Am 21.08.19 um 19:35 schrieb Chris Wilson:
Quoting Chris Wilson (2019-08-21 16:24:22)
Quoting Christian König (2019-08-21 13:31:45)
@@ -117,17 +120,10 @@ i915_gem_busy_ioctl(struct drm_device *dev, void *data,
busy_check_writer(rcu_dereference(obj->base.resv->fence_excl));
/* Translate shared fences to READ set of engines */
- list = rcu_dereference(obj->base.resv->fence);
- if (list) {
- unsigned int shared_count = list->shared_count, i;
-
- for (i = 0; i < shared_count; ++i) {
- struct dma_fence *fence =
- rcu_dereference(list->shared[i]);
-
- args->busy |= busy_check_reader(fence);
- }
- }
+ readers = dma_resv_fences_get_rcu(&obj->base.resv->readers);
+ dma_fence_array_for_each(fence, cursor, readers)
+ args->busy |= busy_check_reader(fence);
+ dma_fence_put(readers);
That's underwhelming, the full-mb shows up in scaling tests (I'll test
the impact of this series later). Something like,
To put some numbers to it, adding the full-mb adds 5ns to a single
thread on Kabylake and 20ns under contention.
The question is if that's the use case we want to optimize for.
Querying a buffer for business is something we do absolutely rarely on
amdgpu, e.g.

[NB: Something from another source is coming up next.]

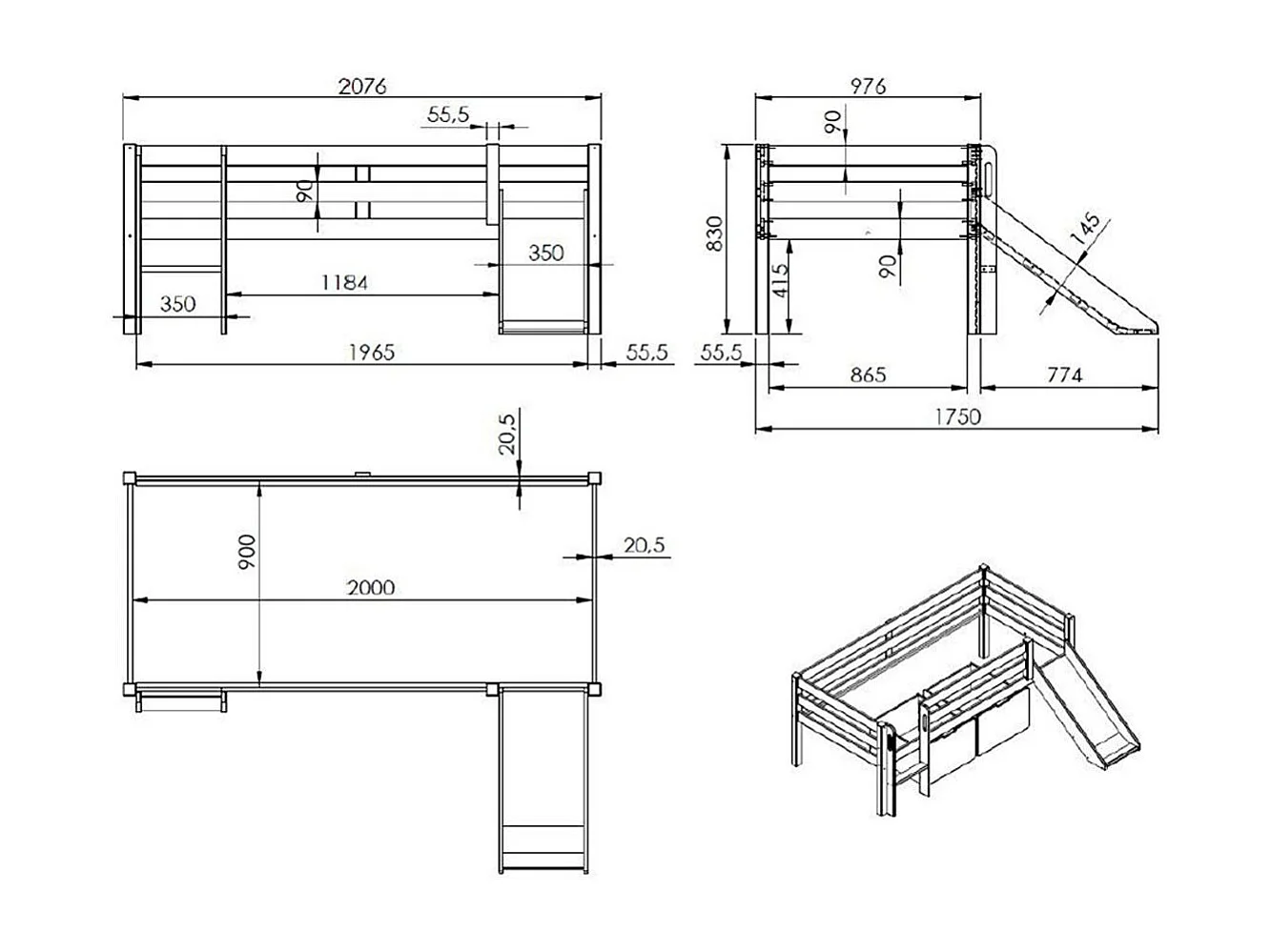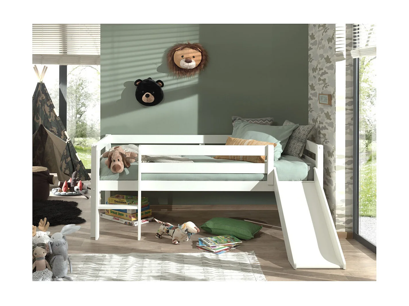 Lit Enfant Surélevé & Toboggan "Pino" 90x200cm Blanc

IIRC we even grab the full reservation lock for this.
But adding new fences comes with every command submission.
What could maybe work is the "do { } while (fence has changed); loop you
suggested earlier in this mail thread, but I need to double check if
that would really work or clash with recycling dma_fence_arrays().
Christian.
-Chris